# Completely bewildered...Please help!



## Captainlaurie (Aug 11, 2009)

Hey everyone,

I'm new to the forum, stopped in looking for some help because I'm at an utter loss here.

I inherited a whole bunch of home theater stuff about a year and a half ago when my dad died, and finally got around to unpacking all of it after a move. I've got no clue what to do with it, though. I figured perhaps if I listed what I have, someone would be awesome enough to help me out with a rundown of what to do.

What I have:

Sony STR-DE845 receiver/control center
Adcom amplifier model# GFA-545
Adcom amplifier model# GFA-535
Adcom amplifier model# GTP-500
Carver Preamp C2
Velodyne CHT-8 subwoofer (this I do have the cable for)
Center speaker
2 pairs of other speakers


What I lack:

manuals for anything
cables
speaker wire
knowhow

Any suggestions? What I'd like to do is to be able to run my dvd player, VCR and PS2 through the receiver. I also have an NES system that I think would be pretty awesome.

I downloaded the manual for the Sony receiver and am going to try to puzzle my way through it, but I'd prefer to have someone in my corner that knows what they're doing.

Thanks very much in advance for any help that anyone can send my way.


----------



## Sonnie (Apr 11, 2006)

You have several options.

What are name brand and model of the two pairs of other speakers and the center?


----------



## Captainlaurie (Aug 11, 2009)

Thanks for replying, sonnie. I appreciate it.

Center speaker: Pioneer S-CR400-K

2 smaller Acoustic Research 215PS speakers, and 2 larger Pioneer speakers. I can't get to those at the moment as they're boxed and under a bunch of heavy equipment, so I can't grab the model number. All four of the speakers have just the typical red and black ports on the back. I had assumed that speakers didn't even matter as long as I had some, so I didn't note the number when I was looking at the Pioneers.

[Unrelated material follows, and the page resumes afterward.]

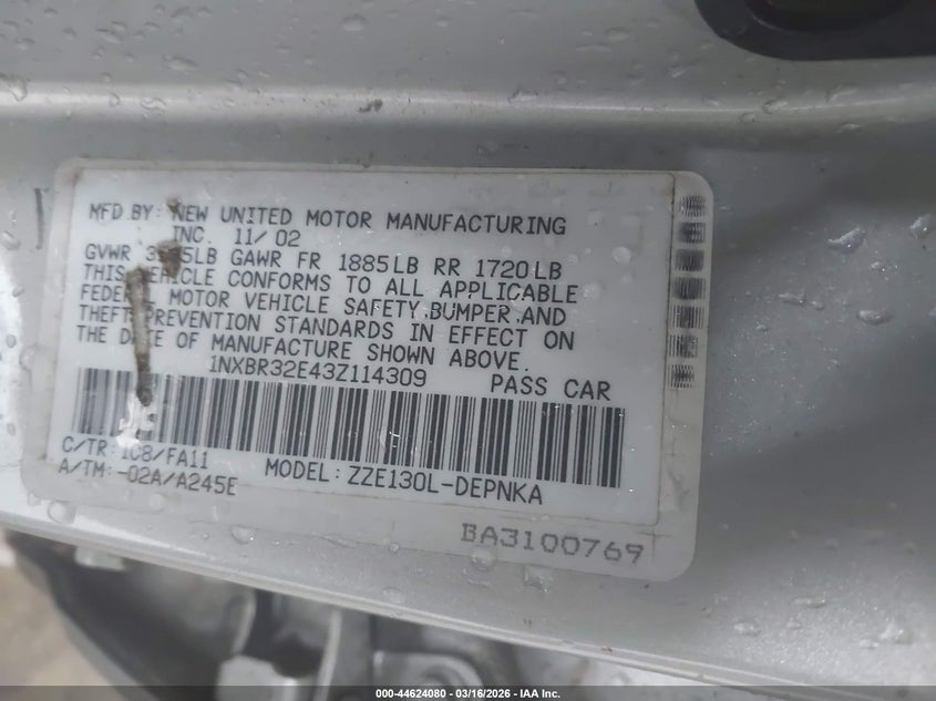 • 1NXBR32E43Z114309

I'm going for simplicity here--I'm most likely not going to use the amplifier in my tiny studio apartment--I don't think the walls could take it, plus I have other plans for the amp involving a CD+G player and some Karaoke cds. (I'm a bartender and we're trying to drag in more business. Might ask for suggestions on that setup in a different thread.) I do need suggestions on what kind of wire I need for the speakers.

Another issue: downloaded the manual for my Sony STR-DE845 and I'm missing an "audio/video/control S connecting cord" and a "control S connecting cord." Have no idea where to find replacements if these cables are model-specific.

Thanks again,
L.


----------



## eugovector (Sep 4, 2006)

Well, if you're talking the Sony Sony STR-DE845, the manual is here: http://www.docs.sony.com/release/STRDE945.pdf

Please note that while you have those nice amplifiers, the Sony has no pre-amp outputs, so you won't be able to use them. The retailed for $500 UK pounds new in the early 90s, so they are worth holding on to if you plan to get a bigger system and pre-amp someday, but won't be needed for your current setup.

Take a look at the manual, and let us know what lingering questions you have.


----------



## tonyvdb (Sep 5, 2007)

I agree with Marshall, keep the amps as they are very good and will come in very handy down the road.

As far as the receiver is concerned the receiver is capable of decoding Dolby digital and DTS so you will be able to enjoy most audio formats available on DVD. What you will need to hook up a DVD player is one optical cable (fiber optic) for the audio and go directly to the TV with the video. 
Speaker wire is easy to get from your local Home depot and does not cost very much. for your setup 14awg wire is more than sufficient and you will simply hook the speakers up to the receiver using the terminals provided.


----------